Patients and Methods

Patients

Adult patients with supratentorial high-grade gliomas on treatment protocols between the years 2001 and 2004 at the Dana-Farber Cancer Institute, Brigham and Women's Hospital, and Massachusetts General Hospital in Boston, Massachusetts, were eligible for this study. Only patients with measurable enhancing tumor by the methods discussed below, two or more available sequential MRI scans, and clear documentation of status of clinical progression were selected. In all cases, the baseline MRI was the same as the baseline MRI used for the given protocol. MRI scans were generally spaced apart by eight weeks according to protocol requirements, and in cases where MRIs were performed for nonprotocol reasons, no two scans used in this study were less than two weeks apart. The 2D Macdonald criteria were used to identify PD (>25% increase) and thus to remove patients from protocols. All the scans used for this study were performed while patients were on protocol, although some patients underwent more than one protocol.

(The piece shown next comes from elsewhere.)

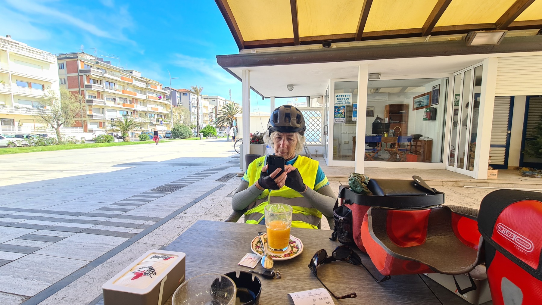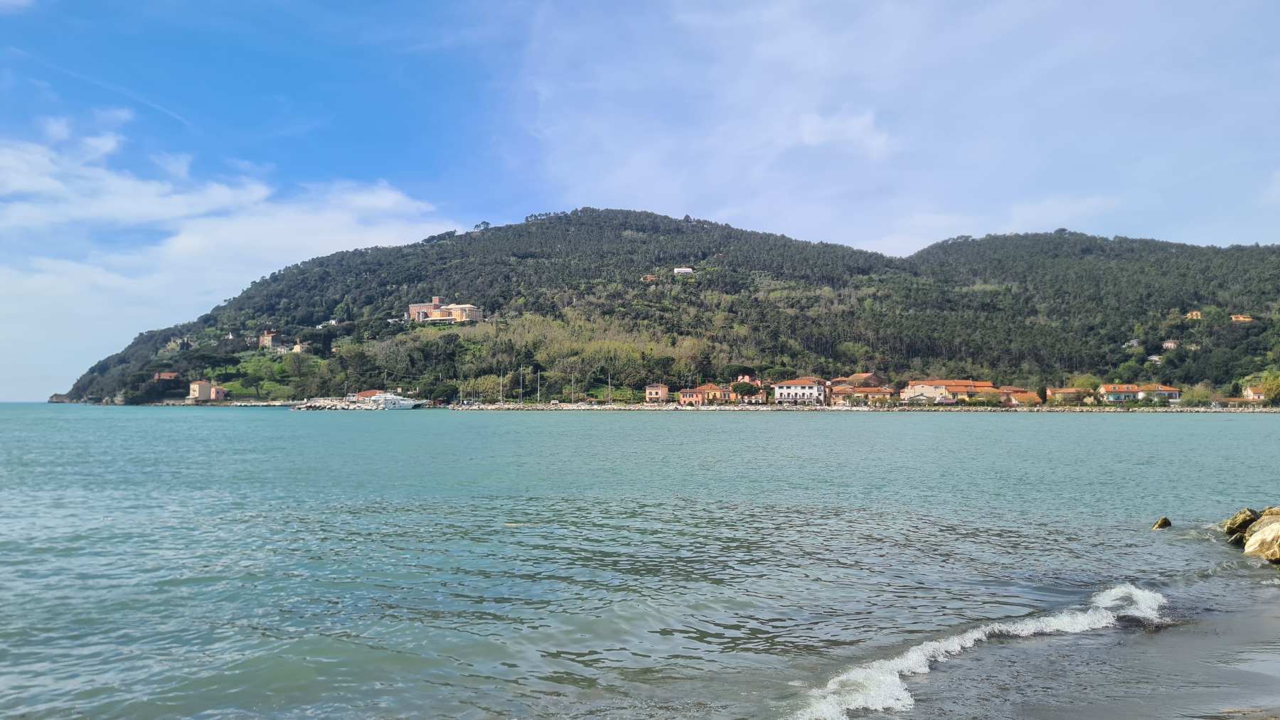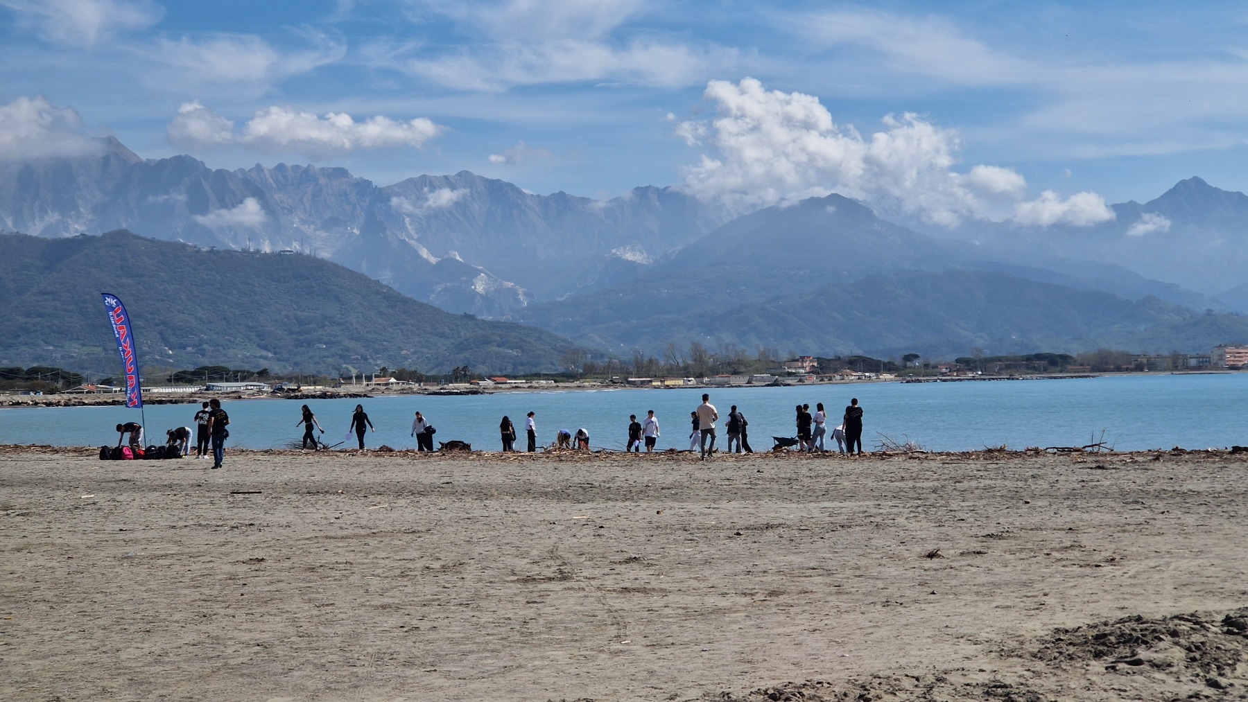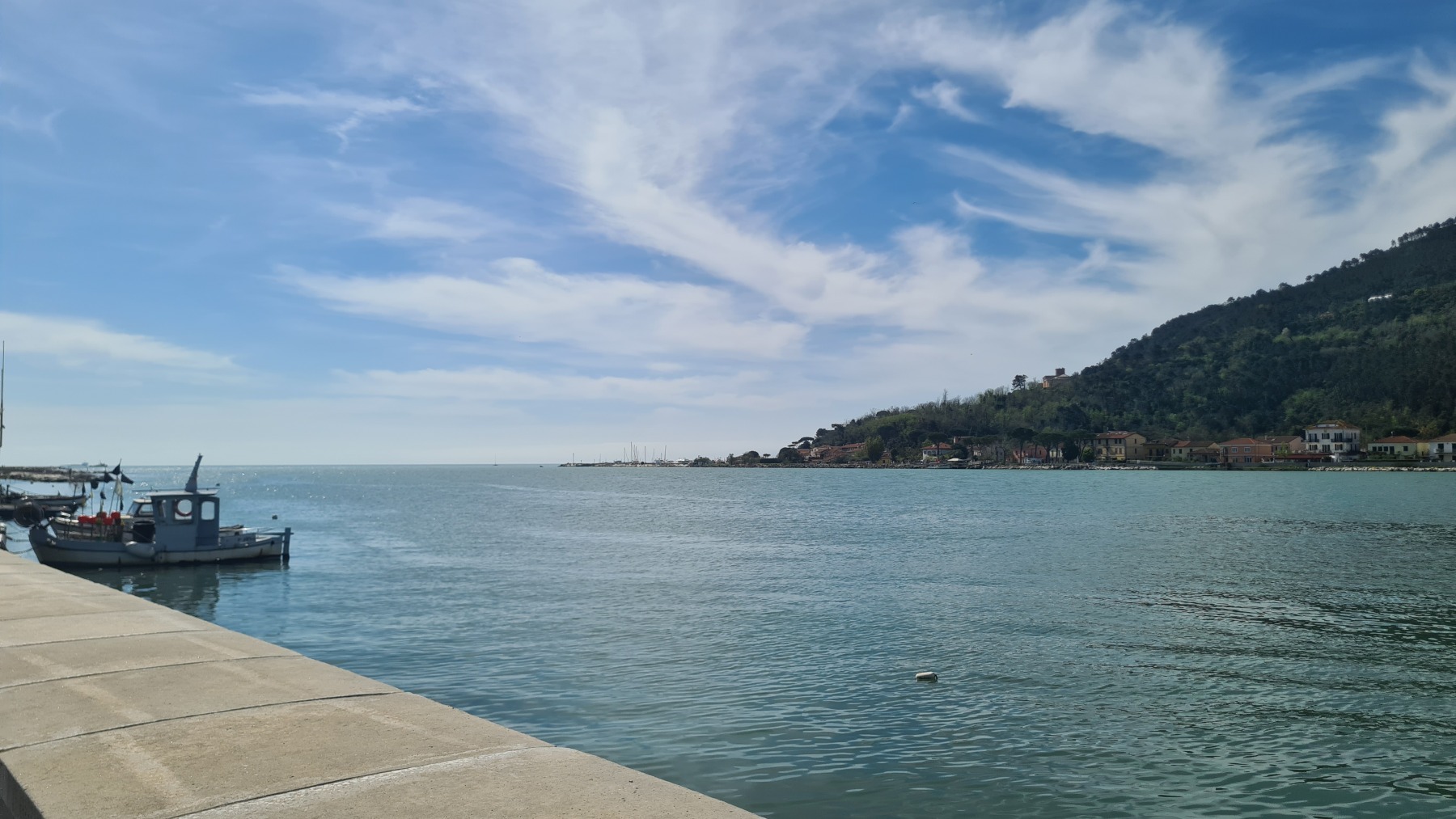 Après un peu de relief pour rejoindre la vallée de la Magra qui forme la frontière entre Ligurie et Toscane, notre itinéraire a suivi la côte pendant plus de 30 km. Une côte toscane bien différente de la Riviera ligure que nous avons suivi depuis Vintimille puisque le relief a disparu, que la côte est très rectiligne et quasiment entièrement privatisée. Nous avons donc pu suivre une belle piste cyclable, à quelques mètres de la plage sans pouvoir voir la mer cachée par les bâches vertes des plages privées !

Of note, all patients had undergone standard external beam radiation treatment, but none had stereotactic radiosurgery; therefore, most, though not all, of the observed tumor progression could be interpreted as authentic progression and not radiation-related necrosis (see discussion). Furthermore, all patients were on stable doses of steroids for at least five days prior to each MRI scan. The Institutional Review Board overseeing all of these institutions approved this study (Dana-Farber Cancer Institute protocol 03-260).

Imaging

MRIs of the brain were performed on a 1.5-tesla scanner with a standard quadrature head coil. Patients received Magnevist (Berlex Biosciences, Richmond, Calif.) according to weight (0.1 cm3/lb) given as a bolus injection through a peripheral vein infusion. The brain was scanned immediately after injection, and all scans were completed within 30 min. Among others, axial and coronal T1 pre-gadolinium and postgadolinium images were obtained and used for this study. The digitized images were transferred to an Impax Diagnostic Workspace system (Agfa-Gevaert Group, Mortsel, Belgium), where they were available for review by the authors. For volumetric analysis, volume-calculating software (VITREA 2, 3.3.2, 1997-2002 [Vital Images, Inc., Minnetonka, Minn.]) was used to obtain the measurements.

Measurements

Two investigators (G.D.S. and S.K.) performed all 1D, 2D, and 3D analyses of 388 MRI scans using digital calipers on an Impax workstation, while volumetric analyses and calculations were performed on a VITREA 2 workstation. On a subset of 50 randomly chosen scans, measurements were repeated by both of the aforementioned investigators to determine intraobserver and interobserver variability. Most patients (72%) had only one measurable lesion. The 1D measurement was the sum of the longest diameters in any plane (axial, sagittal, or coronal) of all visible contrast-enhancing lesions on the postgadolinium T1-weighted images. The 2D measurements were the sum of the products of the largest diameters and their maximum perpendicular diameters in the same plane. The 3D measurements were the sum of the products of the 2D measurements and the longest vertical diameters on the view perpendicular to the 1D and 2D planes (i.e., usually the coronal plane unless it contained the longest 1D diameters of any plane, in which case the axial plane was used for third measurement). In cases where there was a gradient of enhancement, a point was selected to begin the measurement at which there was a clearly visible transition from nonenhancement to enhancement. In cases where a nonenhancing cystic cavity was present within a surrounding area of enhancement, we maintained the same rigid criteria of measurement—the longest diameters of enhancing tumor, regardless of where the cystic cavity was located.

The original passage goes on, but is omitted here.